Niamh Terry
- Born: 30 April 2000 (age 25) Swansea, South Wales
- Height: 1.65 m (5 ft 5 in)
- Weight: 64.09 kg (10 st 1.3 lb)

Rugby union career
- Position: Fly half
- Current team: Exeter Chiefs

Senior career
- Years: Team / Apps / (Points)
- 2020-present: Exeter Chiefs
- 2018-2019: Ospreys
- 2016-2018: Hendy RFC

International career
- Years: Team / Apps / (Points)
- 2019-present: Wales / 4
- Correct as of 3 June 2021

= Niamh Terry =

Wales international rugby union footballer

Niamh Terry (born 30 April 2000) is a Welsh Rugby Union player who plays fly half for the Wales women's national rugby union team and Exeter Chiefs. She made her debut for the Wales national squad in 2019 and was part of the team at the 2021 Women's Six Nations Championship.

== Club career ==
Terry has been playing rugby since the age of eight, initially with the Morriston RFC boys' side, and then with Hendy RFC girls under-18s. She has played for both Ospreys youth and senior teams, and has captained the Wales under-18 sevens side, as well as the Welsh touch rugby team.

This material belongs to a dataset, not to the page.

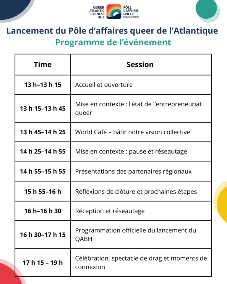 Venez apprendre, créer des liens et contribuer à façonner l’avenir des entreprises queer dans la région atlantique. Tout le monde est bienvenu.

She signed with her current club, the Exeter Chiefs, in 2020. Her first start for the club saw her contribute a try to a 17-10 victory against Worcester Warriors.

== International career ==
Terry made her debut for Wales in the 2019 Autumn Internationals in a match against Spain. She made her first start for the team in 2019, against Scotland.

Terry has won four caps in her rugby career to date. She was selected in Wales squad for the 2021 Rugby World Cup in New Zealand.

== Personal life ==
Terry attended Morriston Comprehensive School before moving to Gower College, where she was named both Ladies Academy Player of the Year and Sportswoman of the Year.